Loneliness and Bitterness both
Loneliness and bitterness both occur as a result of isolation brought on by racism’s presence in society, which often leads to the deterioration of societies as a whole. The idea of isolation is demonstrated in John Steinbeck’s novella Of Mice and Men, which is set in the 1930s, during a period of starvation and separation known as the Great Depression. The author depicts a story of two migrant workers, George Milton and Lennie Small, who, for a short period of time, find work on a ranch in Soledad, California. During their time at the ranch, the two encounter an abundance of farmhands with varying personalities, including the lonely Crooks, a black man who serves as the stable buck and lives apart from the other workers. Steinbeck’s vivid characterization of Crooks’s speech and looks illustrate that racism leads to isolation and eventually bitterness in an already struggling society.
The description of Crooks’s looks and that of his living quarters are both powerful tools the author uses to indicate his isolation from the other workers on the farm.

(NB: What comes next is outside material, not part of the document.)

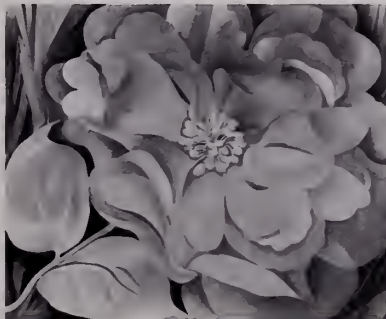
Georgia O'Keeffe. The White Calico Flower , 1931. Oil on canvas, 30 x 36 inches. Whitney Museum of American Art, New York; Purchase 32.26.

When readers are introduced to Crooks, Steinbeck describes the surroundings: And scattered about the floor were a number of personal possessions; for, being alone, Crooks could leave his things about (Steinbeck 66). Steinbeck utilizes the world alone’ to indicate that Crooks is separate from the other workers, which he exploits to illustrate that isolation was a part of life for many during the time. Crooks’s disorganization, as a result of this, also represents his limited interactions with the other farm hands. Had Crooks been more social and less isolated, his living area would have been tidier and prepared for visitors. When faced with an extended period of isolation people often begin to experience a deterioration in their self-care. This is something that Crooks experiences due to his loneliness on the ranch, which the author demonstrates when his fellow farmhand comes to speak to Lennie and waits for Crooks’s permission to enter the bunkhouse.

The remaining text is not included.